Purpose and intended use of the shared folder. You can select either "File Sharing" or "Home Directory".
If you select "Home Directory", you cannot specify values of the following items.

Item Name

Explanation

Shared Folder Name

"homes" is fixed.

Protocol

"CIFS" is fixed.

Enumeration Based on Access Permission Settings

"Disable" is fixed.

Configurations of CIFS Access Permission to Shared Folder

No specification is allowed.

The setting items other than listed above are common to all the home directories that are created under the shared folder.

Shared Folder Name

The name of the shared folder.

Protocol

The protocol to be used by the shared folder.
It is possible to select CIFS, NFS, or both of these protocols.

See

When using a protocol other than CIFS and NFS, refer to the procedure for creating NAS environments described in the ETERNUS Disk storage system manuals.

Oplocks Setting

This is the configuration of the Oplocks function that prevents concurrent file access.
It is possible to configure this only when using the CIFS protocol.

When the Oplocks function is enabled, although improvement of access performance from the client can be expected, it becomes impossible to use the Alternate Data Stream. In addition, when selecting both protocols of CIFS and NFS, it is recommended that the Oplocks function is not enabled.

Data Access SMB Encryption

Settings that are for the SMB encryption function.
The settings can be configured only when using the CIFS protocol.

When the SMB encryption function is enabled, the communications between the client and the ETERNUS Disk storage system are encrypted. In order to use this function, the client must support SMB 3.0.

Note

When data access encryption is enabled, clients that do not support SMB 3.0 cannot access the shared folder.

Enumeration Based on Access Permission Settings

This is the Access Based Enumeration (ABE) function settings.
The settings can be configured only when using the CIFS protocol.

When the ABE function is enabled, folders and files that cannot be referenced by users accessing the shared folder are not displayed.
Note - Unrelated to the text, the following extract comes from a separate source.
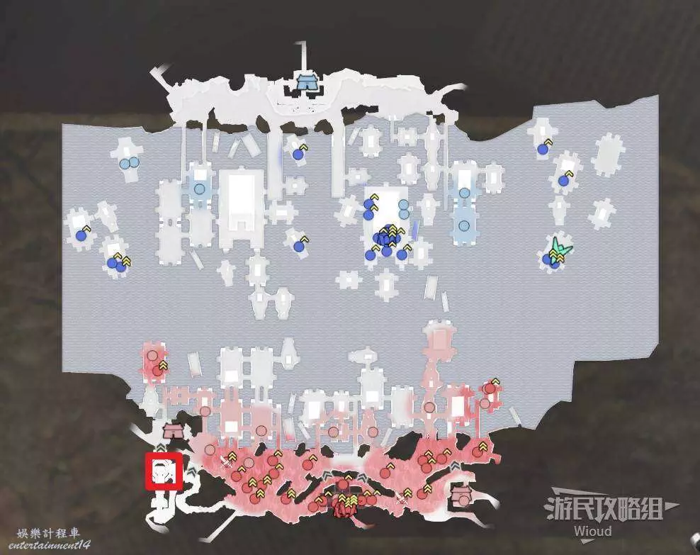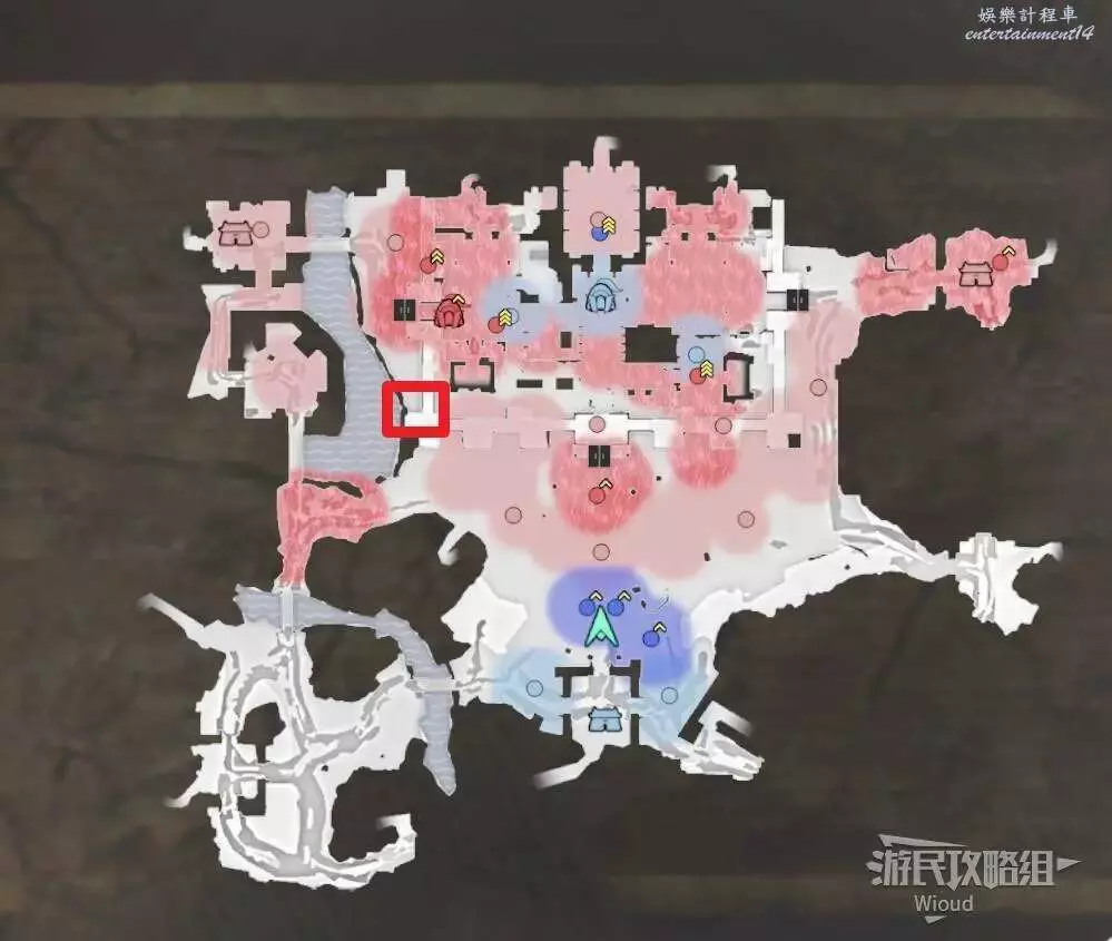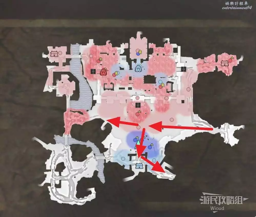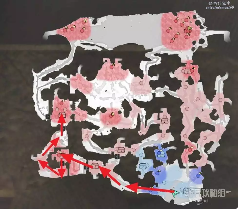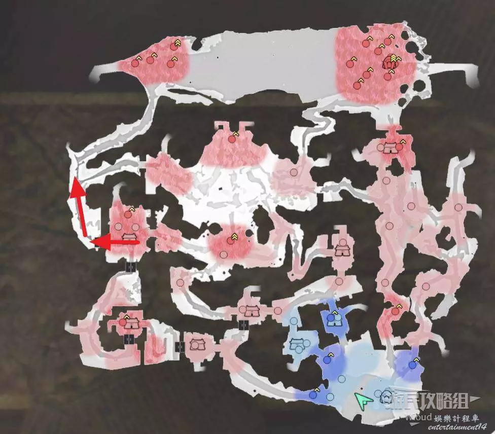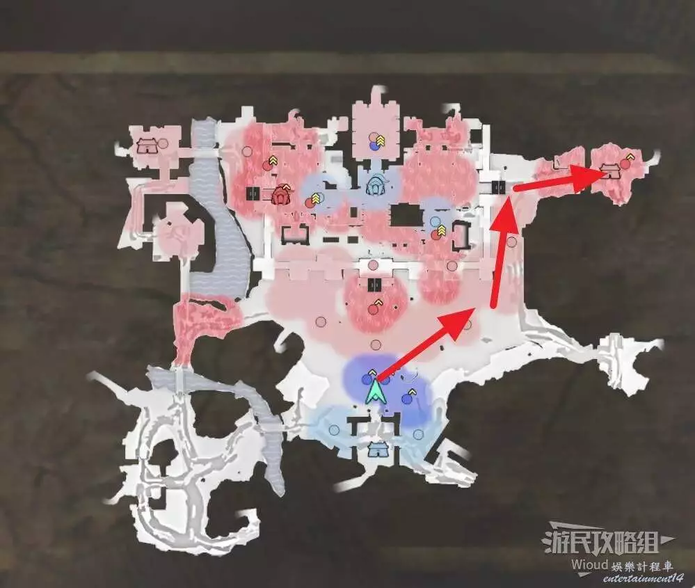 此戰開啟後我們直接沿著下圖所示路線從左邊移動到箭頭停止處的據點內。

Destination Volume of Shared Folder Creation Destination

This is the volume where the shared folder is to be created.

When no NAS volumes are already defined, a new NAS volume is created.
When NAS volumes are already defined, one of them may be selected, or a new NAS volume may be created.

NAS File System Block Size of Shared Folder Creation Destination

This is NAS file system block size.
Only specified when creating a new NAS volume.

Information

If you increase the block size, the maximum volume capacity and the maximum file size increases, but the capacity efficiency decreases.

NAS Volume Capacity of Shared Folder Creation Destination

This is the capacity of the NAS volume.
Only specified when creating a new NAS volume.

The capacity that can be specified differs depending on the NAS file system block size. For details, refer to the NAS file system specification described in the ETERNUS Disk storage system manuals.

Information

For NAS volume, a system area of 300 GB is reserved. For this reason, the area available as a file system is the value after subtracting the system area from the area specified for the NAS volume.

For example, if a NAS volume of 3 TB is created, the user area is 2.7 TB and the system area is 0.3 TB.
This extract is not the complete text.